● **Available data**:
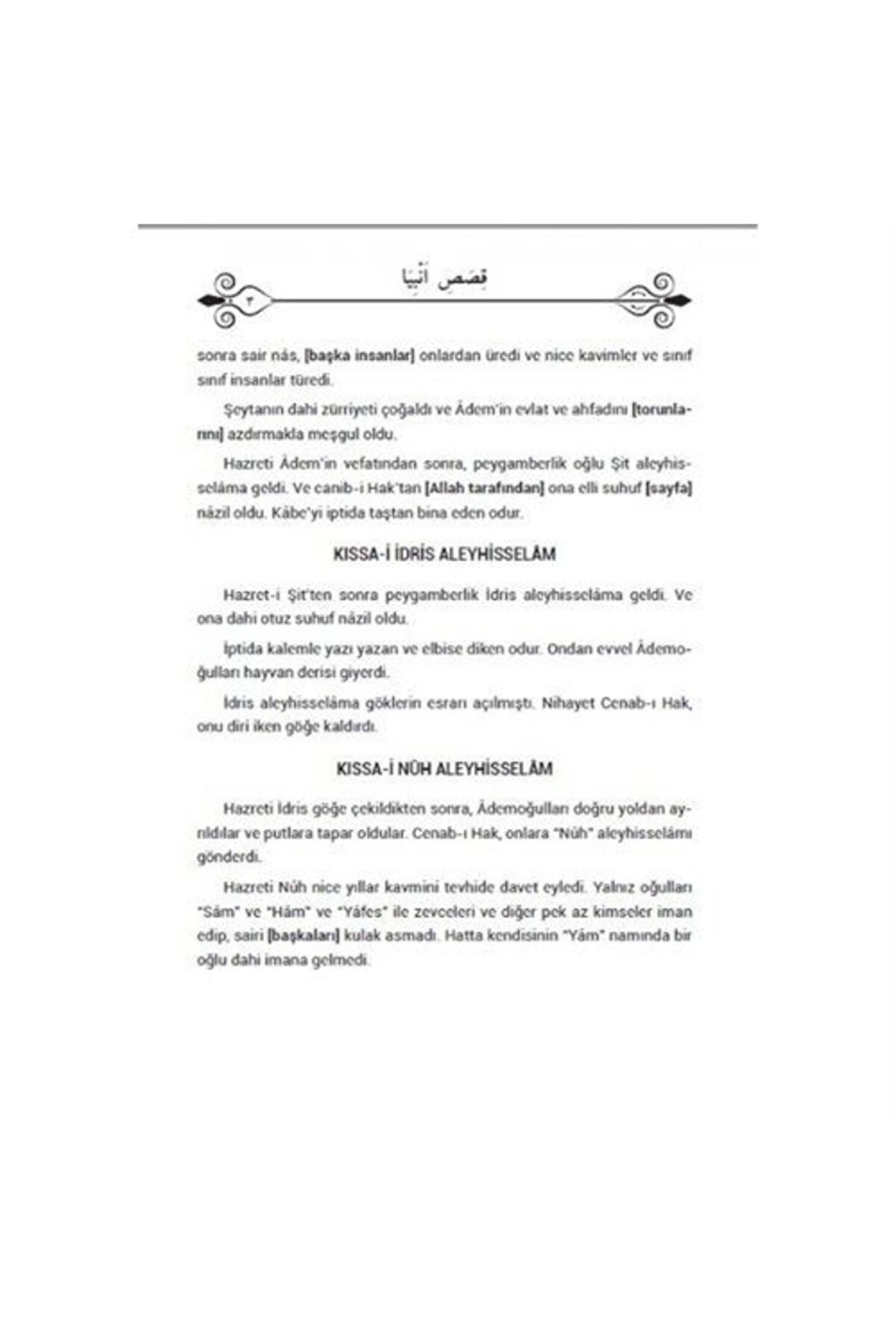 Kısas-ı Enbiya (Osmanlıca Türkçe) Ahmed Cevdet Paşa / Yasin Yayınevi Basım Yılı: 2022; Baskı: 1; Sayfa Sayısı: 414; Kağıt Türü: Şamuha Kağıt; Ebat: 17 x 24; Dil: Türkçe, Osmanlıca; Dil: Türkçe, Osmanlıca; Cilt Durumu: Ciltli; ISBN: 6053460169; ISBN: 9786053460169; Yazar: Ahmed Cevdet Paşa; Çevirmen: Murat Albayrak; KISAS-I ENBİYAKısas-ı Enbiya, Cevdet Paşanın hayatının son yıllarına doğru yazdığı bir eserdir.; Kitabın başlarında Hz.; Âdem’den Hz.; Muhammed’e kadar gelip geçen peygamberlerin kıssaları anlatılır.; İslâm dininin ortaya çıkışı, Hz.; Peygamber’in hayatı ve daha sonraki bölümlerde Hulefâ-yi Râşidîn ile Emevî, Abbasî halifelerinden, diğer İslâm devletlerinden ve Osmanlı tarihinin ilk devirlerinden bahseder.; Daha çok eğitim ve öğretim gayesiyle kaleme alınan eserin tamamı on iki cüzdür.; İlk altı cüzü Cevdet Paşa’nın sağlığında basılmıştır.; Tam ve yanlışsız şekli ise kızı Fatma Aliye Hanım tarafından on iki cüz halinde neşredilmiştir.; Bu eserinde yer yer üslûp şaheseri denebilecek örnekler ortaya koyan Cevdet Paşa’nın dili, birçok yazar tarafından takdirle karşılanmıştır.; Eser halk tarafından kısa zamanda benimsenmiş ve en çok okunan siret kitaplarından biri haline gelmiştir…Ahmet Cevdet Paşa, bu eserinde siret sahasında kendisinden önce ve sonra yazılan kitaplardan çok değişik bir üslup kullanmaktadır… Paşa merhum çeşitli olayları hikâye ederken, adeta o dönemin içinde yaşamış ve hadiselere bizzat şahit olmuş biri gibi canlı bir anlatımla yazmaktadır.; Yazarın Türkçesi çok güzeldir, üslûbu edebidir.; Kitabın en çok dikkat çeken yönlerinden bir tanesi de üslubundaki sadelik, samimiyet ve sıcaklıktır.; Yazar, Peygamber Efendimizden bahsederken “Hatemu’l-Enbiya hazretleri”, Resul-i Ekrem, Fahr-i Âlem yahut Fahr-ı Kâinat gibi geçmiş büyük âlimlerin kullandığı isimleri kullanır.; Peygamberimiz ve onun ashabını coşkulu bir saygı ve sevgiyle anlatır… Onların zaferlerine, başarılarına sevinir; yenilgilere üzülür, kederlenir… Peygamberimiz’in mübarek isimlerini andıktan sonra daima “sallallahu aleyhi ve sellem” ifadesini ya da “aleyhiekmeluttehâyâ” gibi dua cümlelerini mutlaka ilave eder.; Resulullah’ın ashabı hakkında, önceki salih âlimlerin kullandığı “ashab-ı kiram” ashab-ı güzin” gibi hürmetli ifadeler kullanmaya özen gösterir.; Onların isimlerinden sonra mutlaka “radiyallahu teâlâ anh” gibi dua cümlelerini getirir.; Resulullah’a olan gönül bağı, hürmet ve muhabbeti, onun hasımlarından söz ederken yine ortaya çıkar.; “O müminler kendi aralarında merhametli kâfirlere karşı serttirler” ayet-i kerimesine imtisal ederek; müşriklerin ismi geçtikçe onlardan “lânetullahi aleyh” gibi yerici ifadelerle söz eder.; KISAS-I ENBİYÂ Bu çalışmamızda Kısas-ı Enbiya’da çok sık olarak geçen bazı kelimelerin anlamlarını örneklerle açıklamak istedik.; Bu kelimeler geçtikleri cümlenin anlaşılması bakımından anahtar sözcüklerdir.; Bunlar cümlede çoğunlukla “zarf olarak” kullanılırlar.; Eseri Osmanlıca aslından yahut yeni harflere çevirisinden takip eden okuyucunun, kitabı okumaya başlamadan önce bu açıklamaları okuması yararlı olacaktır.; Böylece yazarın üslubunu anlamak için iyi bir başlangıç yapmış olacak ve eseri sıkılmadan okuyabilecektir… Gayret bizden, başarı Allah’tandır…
...
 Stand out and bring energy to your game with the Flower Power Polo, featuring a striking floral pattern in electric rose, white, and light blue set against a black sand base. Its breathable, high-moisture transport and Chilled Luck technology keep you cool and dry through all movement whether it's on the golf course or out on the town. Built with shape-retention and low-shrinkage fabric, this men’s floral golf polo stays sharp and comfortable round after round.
* * *
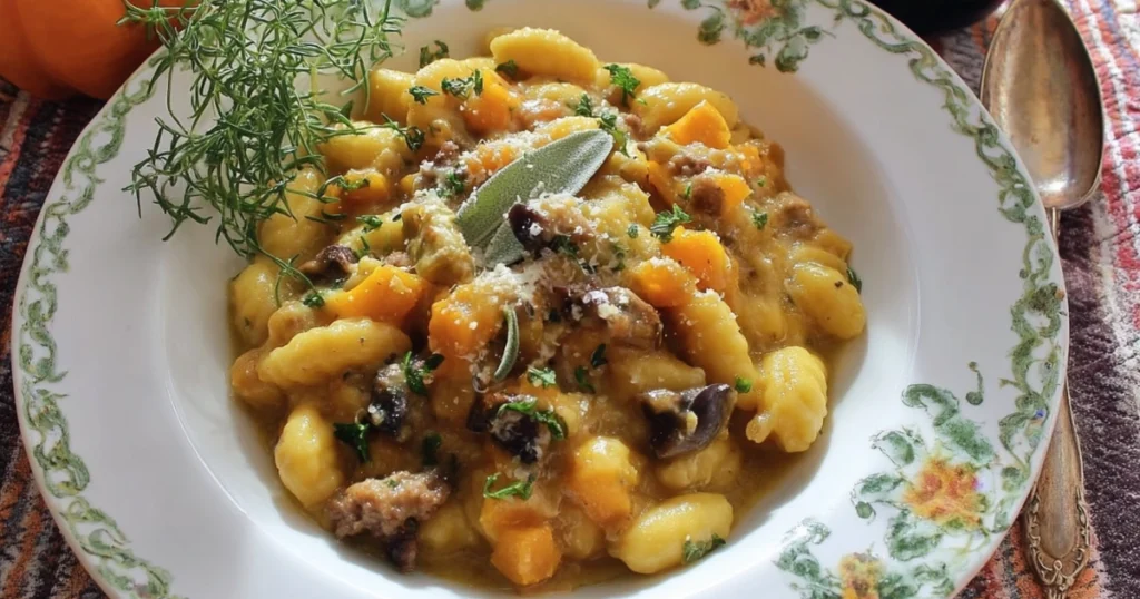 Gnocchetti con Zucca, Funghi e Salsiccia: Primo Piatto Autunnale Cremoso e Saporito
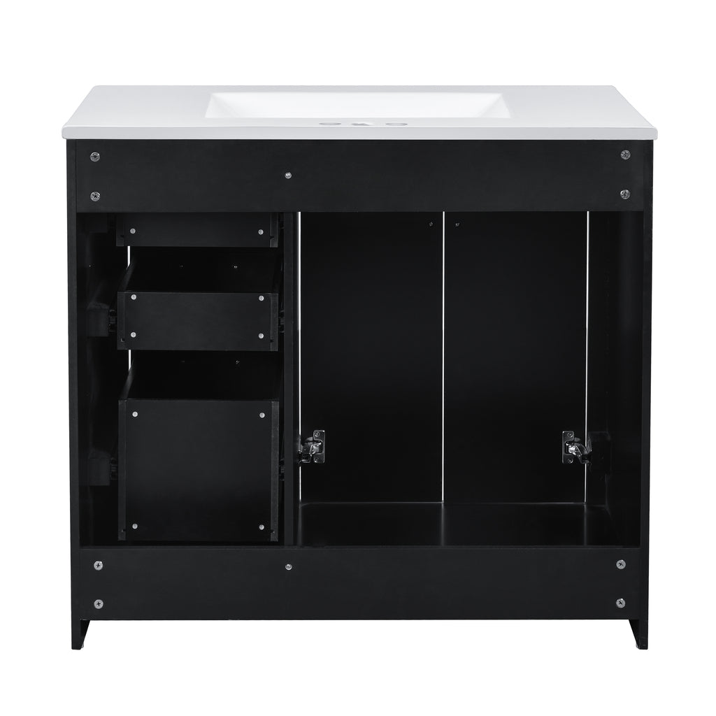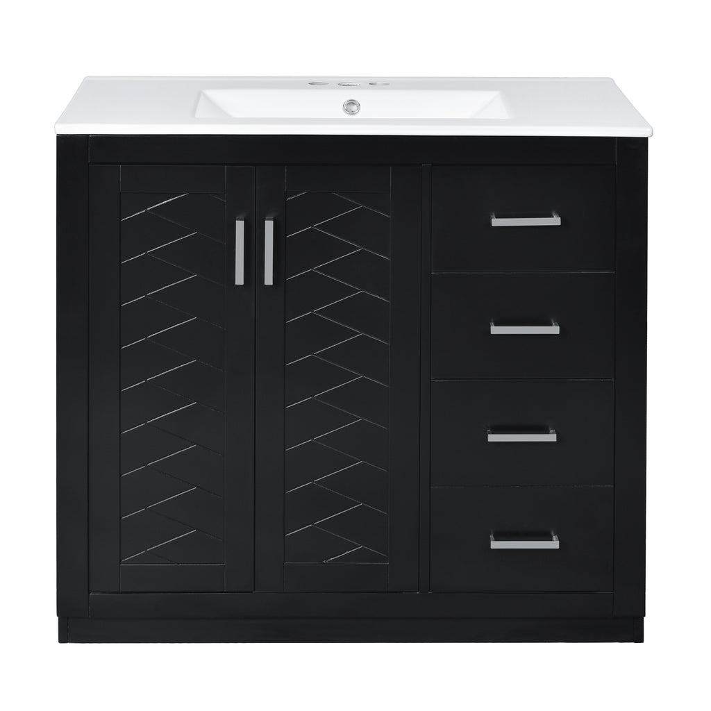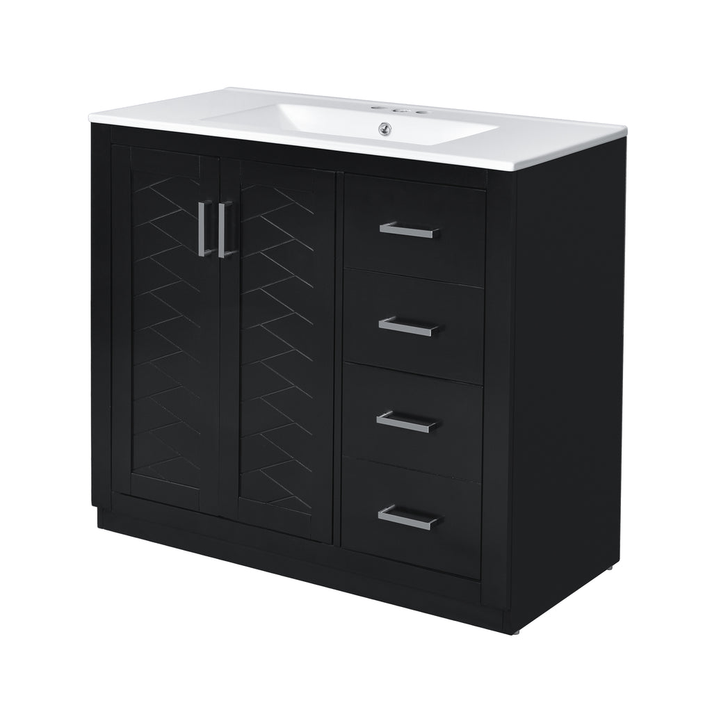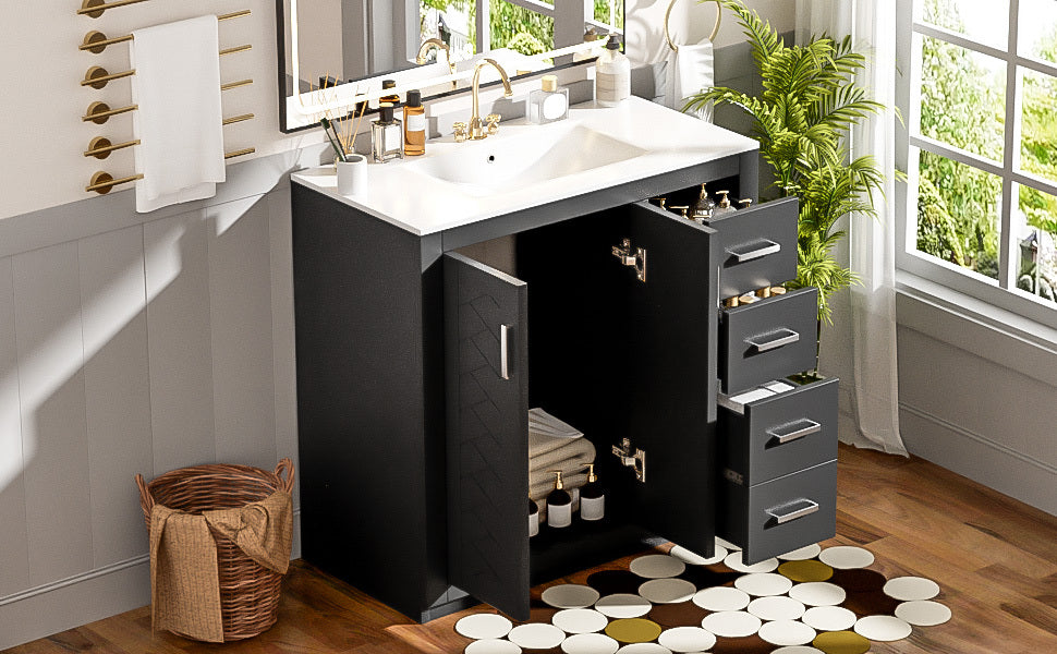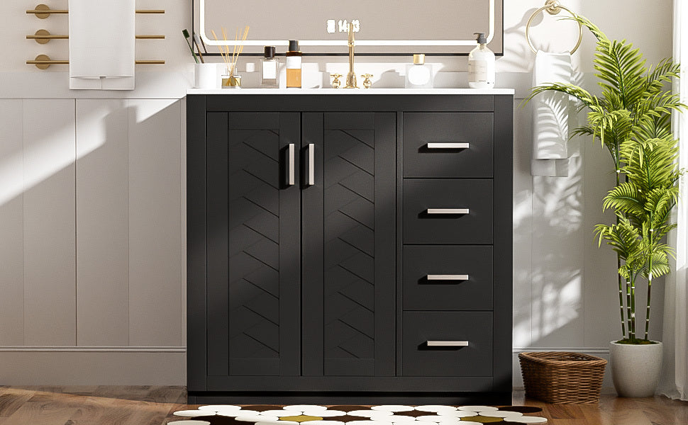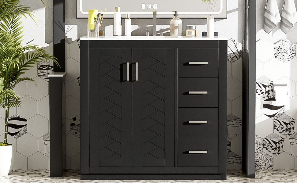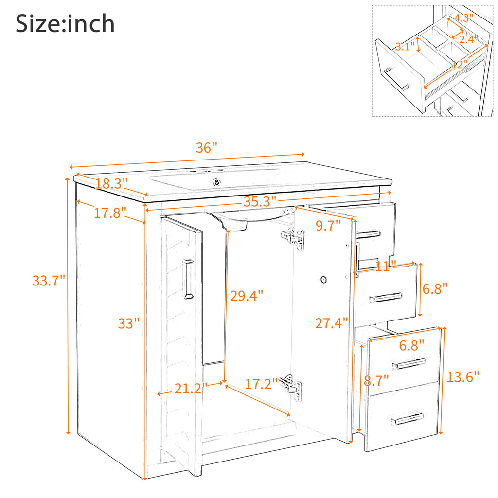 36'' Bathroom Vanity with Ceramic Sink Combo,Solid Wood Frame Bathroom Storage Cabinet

● **To do**:
Only one stretch of the entries above is needed: the lines from the one containing "Gnocchetti con Zucca, Funghi" through the one containing "36'' Bathroom Vanity". Copy it exactly, without the pictures.

● **Output for this task**:
 Gnocchetti con Zucca, Funghi e Salsiccia: Primo Piatto Autunnale Cremoso e Saporito
 36'' Bathroom Vanity with Ceramic Sink Combo,Solid Wood Frame Bathroom Storage Cabinet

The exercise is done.